S’agissant des petites lignes ferroviaires, dont les investissements de régénération sont pris en charge par l’État et les collectivités dans le cadre des contrats de plan État-région, il convient de rappeler que leur coût complet, en incluant les dépenses d’entretien et d’exploitation, reste financé aujourd’hui par l’État et par SNCF Réseau à plus de 70 %, en tenant compte de l’effort accru des régions ces dernières années pour cofinancer les investissements nécessaires à leur remise en état.
Nous sommes tous conscients ici de la nécessité de faire face à un pic d’investissements historique pour la décennie à venir sur ces lignes, dont les rails et les plateformes sont arrivés au terme de leur durée de vie.
Cela représente plusieurs centaines de millions d’euros par an au cours des prochaines années, pour lesquels je tiens à vous confirmer, d’une part, que le Gouvernement respectera les engagements pris par l’État dans le cadre des CPER actuels, prolongés jusqu’à la fin de 2022, et, d’autre part, que les travaux du préfet Philizot, menés en partenariat avec les régions, ont permis de recenser l’ensemble des besoins et de bâtir des plans d’action régionaux, qui seront signés dans les prochaines semaines, avec des solutions innovantes et adaptées à chaque ligne, en termes techniques et de gouvernance.
Ces solutions pourront notamment s’appuyer sur les possibilités introduites par l’article 172 de la LOM, qui ouvre par exemple la voie à des transferts de gestion de certaines petites lignes au profit des régions qui en feraient la demande.
En parallèle, je souhaite que l’État impulse la création d’une véritable filière de « trains légers », pour redonner au TER la place qu’il mérite, y compris sur des dessertes fines des territoires. En jouant simultanément sur le dimensionnement des infrastructures, de la signalisation et des matériels roulants, je suis convaincu que des économies de l’ordre de 30 % à 40 % sont réalisables, en investissement comme en exploitation.
Ces nouvelles possibilités permettront de mieux faire face aux besoins de chaque territoire, en fonction du contexte et des besoins identifiés par les acteurs locaux en matière de transport public. En cela, le Gouvernement répond pleinement à la première recommandation du rapport que la Cour des comptes a rendu public à l’automne 2019 sur la gestion des TER entre 2012 et 2017.

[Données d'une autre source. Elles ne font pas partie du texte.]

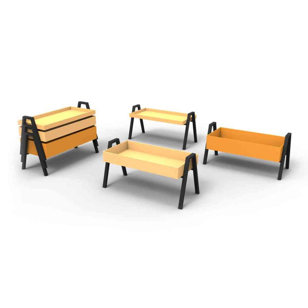 Stół składający się z 3 sztaplowanych tac o różnych wysokościach. Nogi ze sklejki brzozowej lakierowanej na czarno. Tace z lakierowanej sklejki brzozowej o grubości 6 mm, przymocowane do każdej podstawy.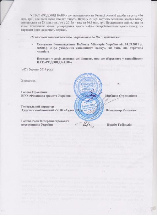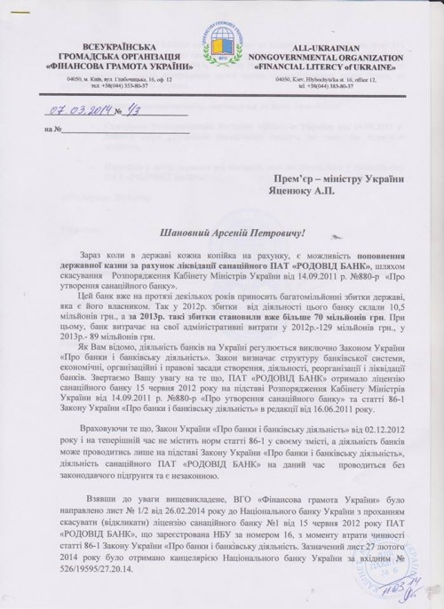 Обращение к премьер-министру Украину Яценеку А.П. прилагается (стр.1, стр.2).
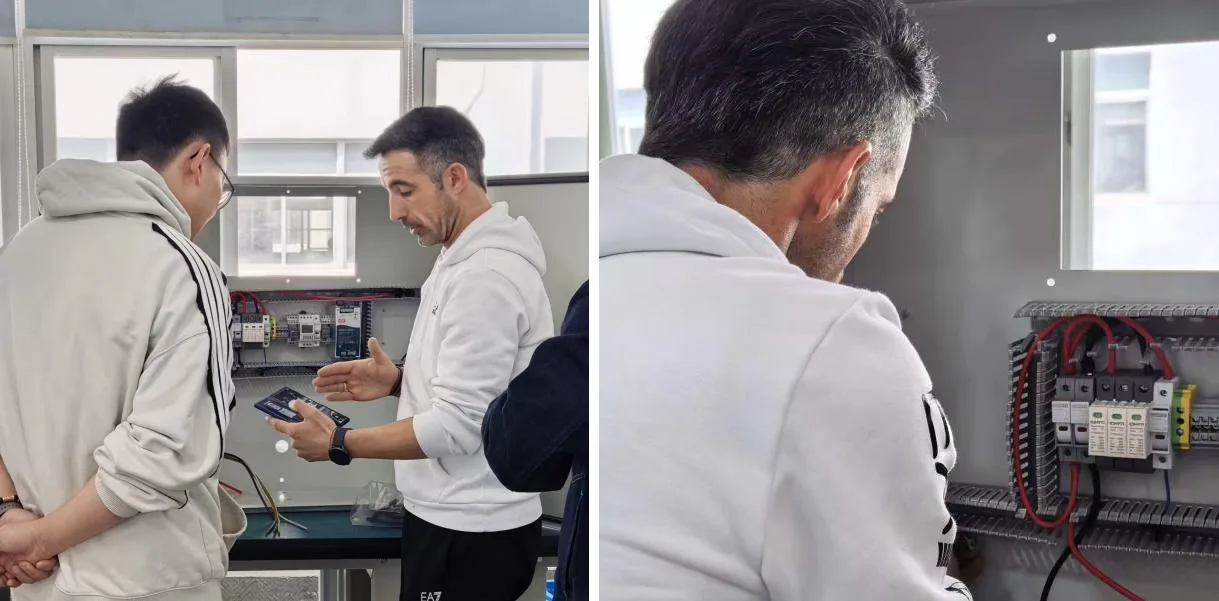Nemzetközi partnerünk azért van itt, hogy megvizsgálja PV kombinálódobozainkat, és csapatunkkal együttműködve gondoskodik arról, hogy minden termék megfeleljen a szigorú szabványoknak. Személyes együttműködés, aprólékos minőségellenőrzés és közös elkötelezettség a tiszta energia iránt – így építünk tartós globális partnerségeket.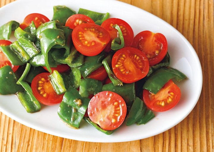 ピーマンは縦半分に切り、へたと種を取る。オーブントースターでしんなりするまで4~5分焼く。粗熱が取れたら縦半分に切って横に幅2cmに切る。ミニトマトはへたを取り、縦半分に切る。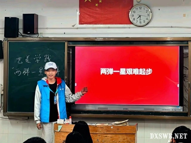 为深入贯彻落实党的二十大关于教育、科技、人才一体化发展的战略部署,推进立德树人根本任务,11月26日,由南宁理工学院艺术与传媒学院“艺美学践”大学生志愿服务队主办,广西—东盟经济技术开发区华侨中学共同协办的“一星耀寰,锦绣润青春”主题支教活动,在广西—东盟经济技术开发区华侨中学顺利举行。本次活动聚焦“两弹一星”精神传承与壮锦非遗文化推广,旨在推动红色精神与优秀传统文化在青少年群体中落地生根。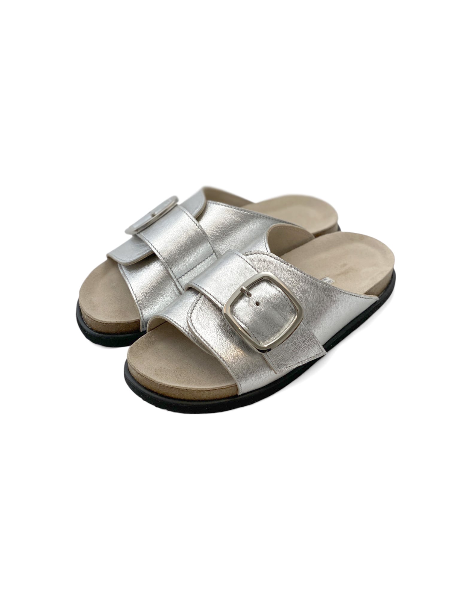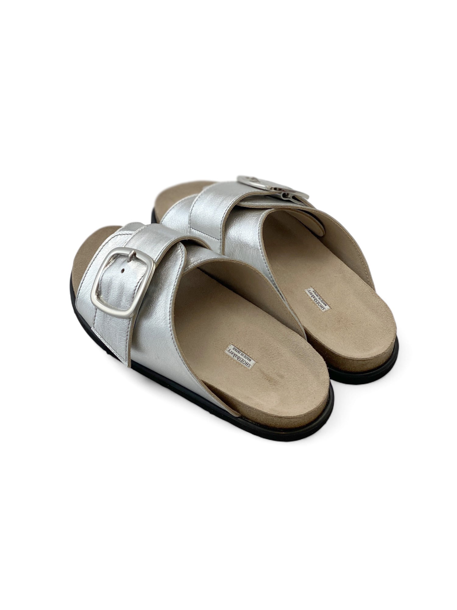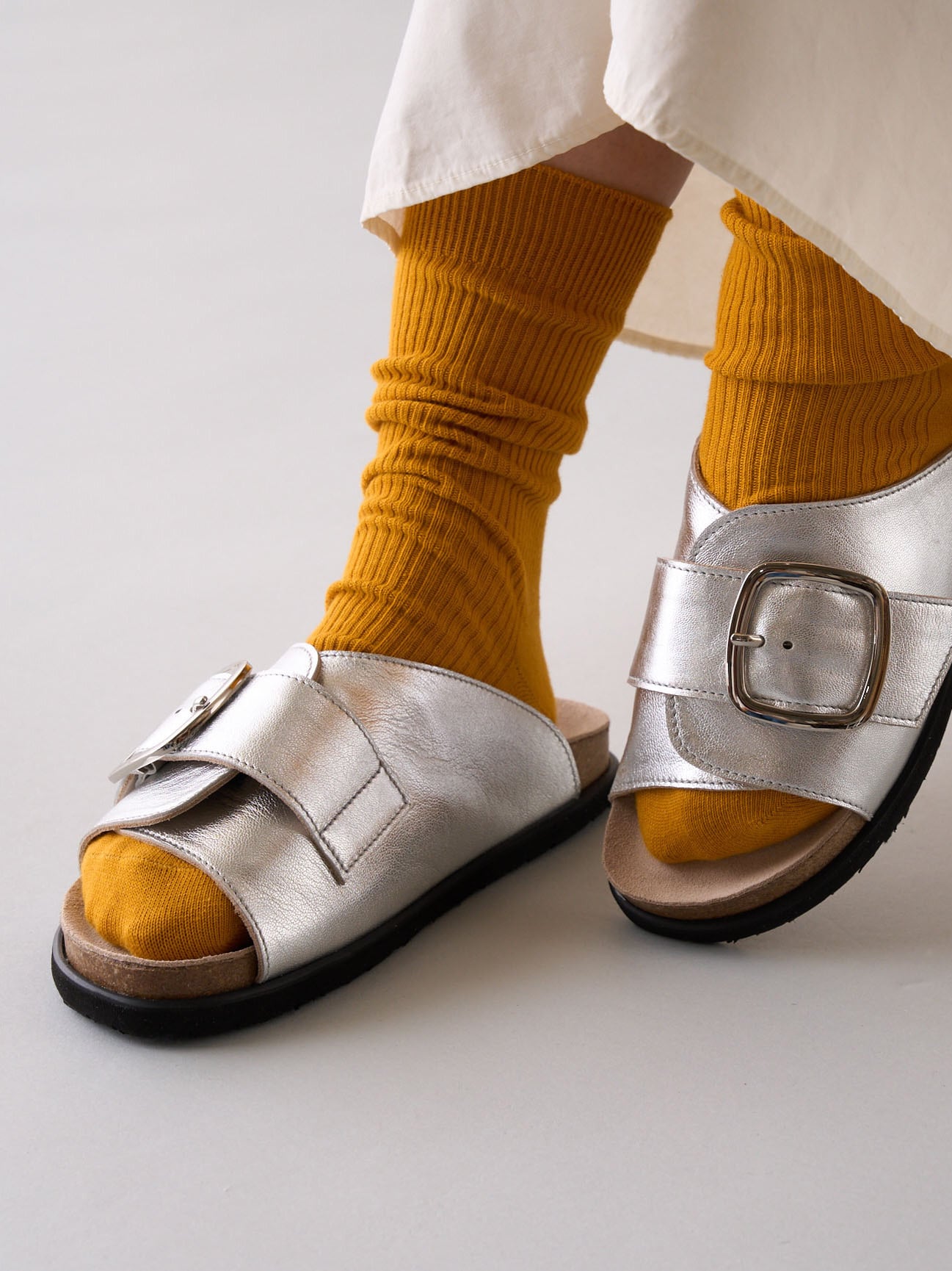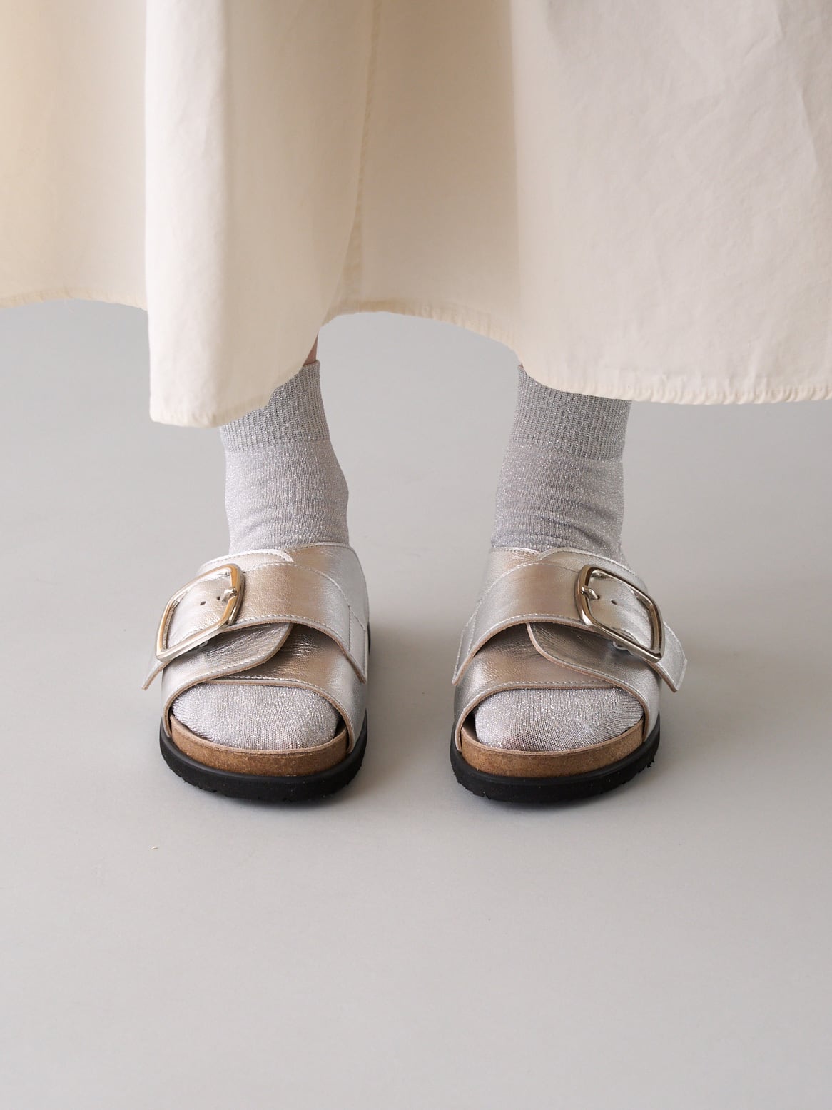 40mmの華やかなバックルは、ゴールドとシルバーの2色展開。上品な印象を与えながら、カジュアルなコーディネートに華を添えます。足の形にフィットする立体的なインソールは、柔らかいスポンジ素材を使用しており、長時間の使用でも快適です。

Pour terminer, je souhaite revenir quelques instants sur ce rapport, qui a pu faire l’objet d’interprétations caricaturales, à commencer par le niveau d’engagement de l’État en faveur du ferroviaire.
Des neuf recommandations de la Cour, seules deux impliquent directement l’État : la première, que j’évoquais à l’instant, et la septième, relative à la disponibilité des données afin de réussir l’ouverture à la concurrence.
Cette seconde recommandation a été également satisfaite, à travers le décret Données, publié cet été pour permettre à l’État, pour les TET, et aux régions volontaires de préparer les premiers appels d’offres : il s’agit des régions Grand Est, Provence-Alpes-Côte d’Azur et Hauts-de-France.
Toutes les autres recommandations de la Cour s’adressent aux régions et à la SNCF. Elles concernent notamment la qualité du service, les analyses socioéconomiques, les coûts d’exploitation, le niveau de présence des agents en gare et à bord, les plans de transport, la tarification, l’expertise des régions ou encore l’organisation interne de l’activité TER à la SNCF.